The concept of sustainability has been a part of the fabric of many Westside communities long before it became en vogue to much of the nation in the late 1980s and 1990s.

Growing food organically, initiating water purification systems and using less plastic seems to be as common in places like Santa Monica and Venice as sunshine is to both beachside communities.

Since 2002, students at Venice High School have been learning to implement some of these concepts at the Learning Garden. Students studying horticulture get the opportunity to learn firsthand about nutrition, water recycling techniques and other sustainable approaches to everyday living.

But like most public and private entities, the economic recession has touched the Learning Garden, which operates exclusively on donations and grants.

A recent grant acquired by the school and a community benefit grant from the Mar Vista Community Council will provide the garden and the student body additional opportunities to learn lessons on the intricacies of gardening, organic food and sustainability. In addition, it will give residents of neighboring communities a chance to commune with nature in an urban environment.
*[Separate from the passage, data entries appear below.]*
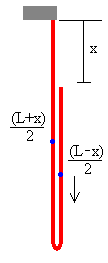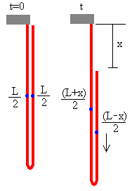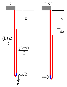 En el instante t, el extremo libre ha descendido una altura x. La cadena se encuentra doblada, pero la longitud de cada una de las porciones es distinta. La porción izquierda, tiene una longitud (L+x)/2 y la porción derecha (L-x)/2. La porción izquierda de la cadena se encuentra en reposo. La porción derecha se mueve con velocidad dx/dt. La energía de la cadena en el instante t es
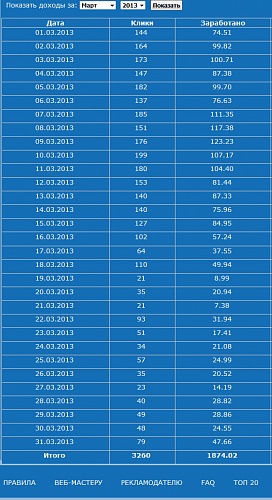 Пупырь эта партнёрка! Реклов нет практически, несколько убогих арбитражников с копеечным бюджетом, откручивают всякую хрень отстойную, а потом по пол дня в холостую! На бодике вааще вирусняк крутят два каких то калеки! Нема понтов вязаться, в один день можно набить до 500 рублёв, а потом несколько дней едва до сотни натягивает из - за простоев! Да платят, да без задержек, но в среднем заработок за неделю с тизерок получается многим больше и ещё не известно как на неё ПС реагируют, я не прочухал т.к снял коды и досвидос!
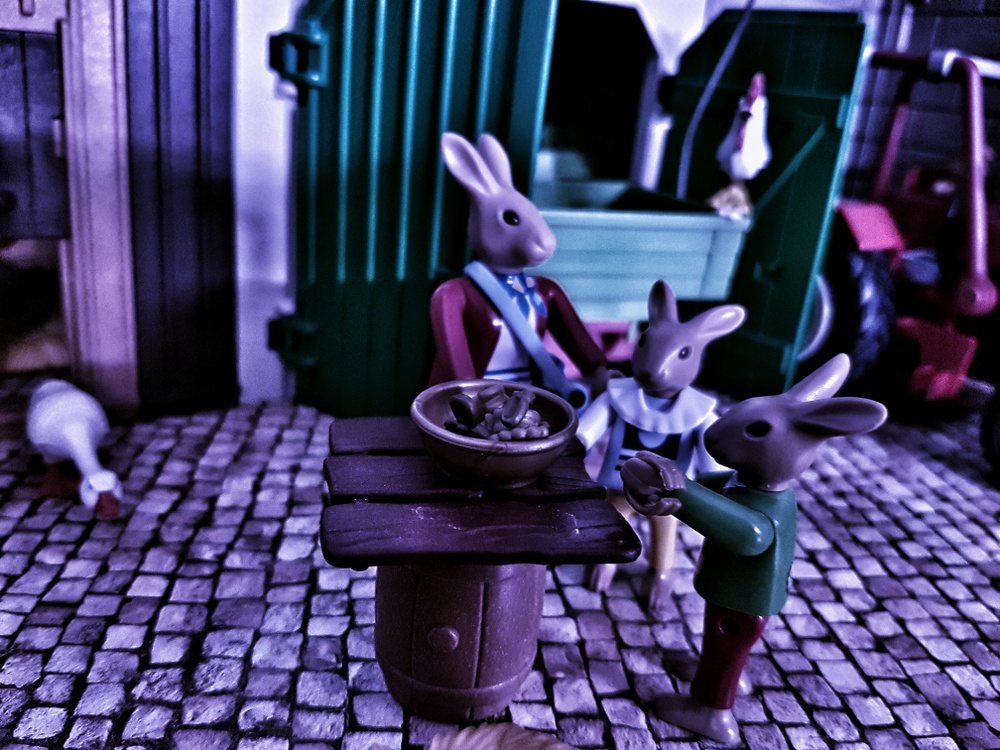 Neugierig schaue ich mich in der Küche um. OK, die Küchengeräte scheinen aus allen Jahrhunderten zu stammen, aber ein Roboter, der Kartoffeln schält, wie genial ist das denn! Sowas hätte ich auch gerne. Den hat bestimmt Cleverle gebaut. Allerdings scheint der Koch gar nicht glücklich darüber zu sein.

But funding for the garden and the school’s horticulture program will likely run out in June, and David King is hoping that he and those who enjoy spending time with the 60 fruit trees, vegetables and various native plants will still have a place to indulge their passion.

King, the garden master at the Learning Garden, has been on the funding roller coaster before.

“We’ve got money in the bank that will last until this summer, and after that it’s a crapshoot,” King said during an interview at the garden, located near the west side of the high school campus.

The high school recently obtained a Culinary Arts and Sustainable Agriculture Academy grant, which helped the school establish a culinary academy.

“The Learning Garden is up and running and in full bloom,” Venice High Principal Lonnie Wallace told The Argonaut earlier this month.

Horticulture teacher Diane Pollock has students who are in the new culinary academy and says many of her pupils initially are taken aback when they visit the garden for the first time.

“They’re a very limited range to what they are exposed to,” Pollock said. “Many of them are not accustomed to the intense flavor of the vegetables when they first taste them.”

King says that even those who choose not to go into the culinary arts can derive tangible benefits from the academy.

“You can’t expect everyone to be a chef, but if they can come out of that program eating more vegetables fixed healthily, then you’ve changed their lives in real and tangible ways,” King said.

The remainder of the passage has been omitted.